Danta presents the post-Darwinian fable as a literary form that combines discourses of anthropology, evolutionary biology, philosophy, and theology with the aim of critiquing the human animal. He considers instances where human and animal elements are constructed as physically separate such as the bifurcation into Jekyll and Hyde or the aesthetic Eloi and bestial Morlock of The Time Machine, and he contrasts them with the ‘ontological claustrophobia’ (113) of stories where the proximity of human to nonhuman is so close as to be located within the same body. In his fifth chapter Danta contemplates the human as perforated, a hybridised entity. He cites as evidence the overnight transformation of still rational Gregor Samsa into a verminous insect in Kafka’s Metamorphosis, and Mrs. Tebrick’s spontaneous physiological change into wifely vixen in Garnett’s Lady into Fox. In his sixth chapter the main focus is on Kafka and Coetze, and he moves via the holocaust, scapegoats, and scapegraces to consider the author as performative animal, a zoographer who is simultaneously a zoological specimen. He ends with a coda featuring Garnett’s A Man in the Zoo in which the human narrator exhibits himself in a cage adjacent to a chimpanzee and an orangutan.
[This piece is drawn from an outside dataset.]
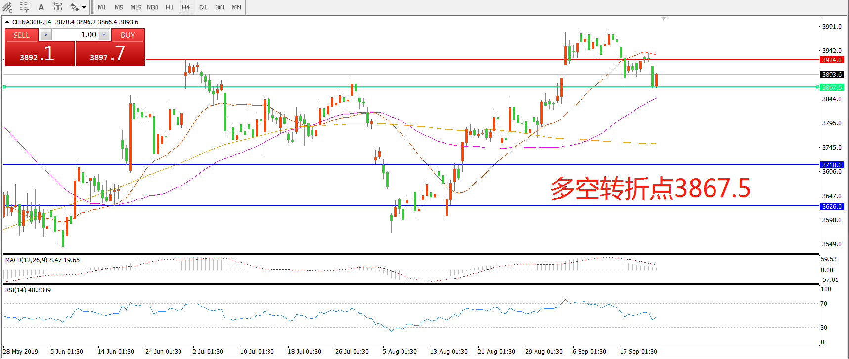 多空转折点:3865.50
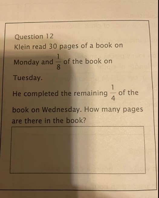 Συγκεκριμένα αναφέρει: «Ο Klein διάβασε 30 σελίδες ενός βιβλίου τη Δευτέρα και το 1/8 του βιβλίου την Τρίτη. Ολοκλήρωσε το υπόλοιπο 1/4 του βιβλίου την Τετάρτη. Από πόσες σελίδες αποτελείται το βιβλίο;».

Danta is successful in showing that while traditional fables analogise the human condition through emblematizing nonhuman specimens, what is peculiar to post Darwinian fables is that they illuminate what it is to be animal per se. He proves that post-Darwinian fabulists are effectively ethologists who study animal behaviour in full knowledge that they are likewise animal. They write not like animal, but as animal for other animals. Danta summarises it succinctly: ‘Darwinism is a new Aesopism. The moral of the post-Darwinian fable is that humans belong in the Ape-house’ (189).